Thanks a ton Noodle. You answered everything to a tee, much appreciated. And thanks for that bit on Marcato, Solodini. I wanted to know what that and those "f"s and other little markings are on music notation.


----------



## Mr. Big Noodles (Jun 2, 2015)

"f" means "forte," which for our purposes means "loud." "p" means "piano," or "soft," or "quiet" if you prefer. ff is fortissimo, which means really loud, fff is fortississimo, which means really really loud, ffff means fortissississimo, which means really really REALLY loud, and so on. pp is pianissimo, which is really quiet, and ppp is pianississimo, and this trend continues on down to pppp and beyond. mf is "mezzo forte," or "medium loud," which is somewhere between p and f. mp, "mezzo piano," is also between p and f, but a little quieter than mf. These are all called "dynamics" and they run along a continuum:

... pppp ppp pp p mp mf f ff fff ffff ....

There are two expressions related to changing dynamics, called "crescendo" (abbreviated "cresc."), which is a gradual increase in volume, and "diminuendo" ("dim."; sometimes this is erroneously called "decrescendo" and abbreviated "decresc."), which is a gradual decrease in volume. These expressions are also equated to symbols that we colloquially call "hairpins."






In this passage, there is a mf dynamic, then a crescendo indicated by that wedge thing opening up (<) and then a diminuendo indicated by the wedge closing (>). The overall effect is a swell in volume, then return to the original volume.

It's a good idea to have a dynamic at the beginning and end of a crescendo or diminuendo, so the player knows where to start and where they should end up.






There is one more dynamic that you'll see in twentieth century music, "n", which means "niente," or "nothing," is either "as quiet as possible" (also expressed "p possible") or literally zero volume. In the case of the latter, it is usually attached to an expression, as in "diminuendo al niente" ("gradually decrease volume to nothing") or "dal niente" ("from nothing," which is sort of like saying "crescendo from nothing").

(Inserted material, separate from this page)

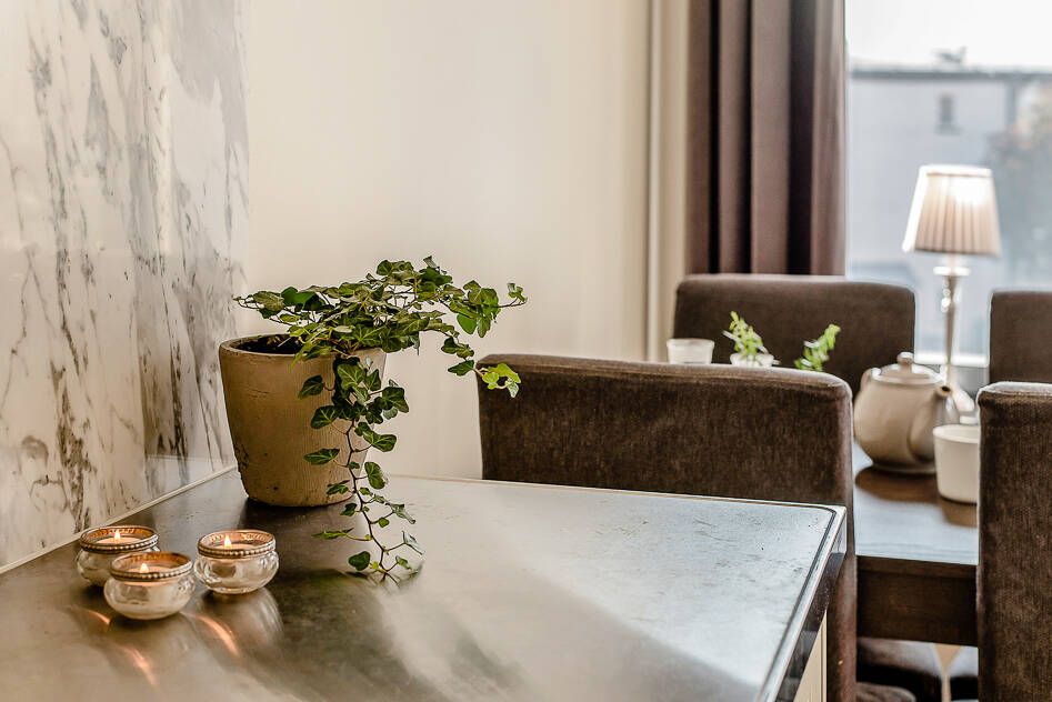 Fastigheten värms upp med hjälp av bergvärme samt komplettering av fjärrvärme.
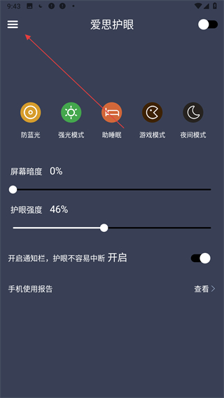 1、打開愛思護眼應(yīng)用,點擊界面左上角三條橫線樣式的菜單圖標(biāo),進入設(shè)置頁面。

By the way, all of the dynamics in your OP are questionable. Normally, there is a bit of space between dynamics, and they're linked to a phrasic idea of some sort. In the second measure, going from mf (the last dynamic of the previous measure) to f to mp all within the first beat is a little unbelievable, and then going back to f and mp in the very next two notes is even less believable. This seems less like a representative use of dynamics and more like micromanaging the MIDI. It is better to use articulations and accents to convey musical changes that apply to a single note.






These are the most common articulations. The accent and marcato are the same, except marcato gets a little more emphasis. Staccato and staccatissimo are the same, except staccatissimo is even shorter than staccato. Some articulations can be combined, like in the second measure. I don't know any names for these, but I might say "staccato accent," "detached," and "tenuto accent". Bowed string players have a billion more articulations, like "louré" and "spiccato".

The only case where I would expect to see a bunch of dynamics written into a small space on a score would be in a total serial piece, such as Messiaen's "Mode de valeurs et d'intensités," wherein every note has its own dynamic level.


----------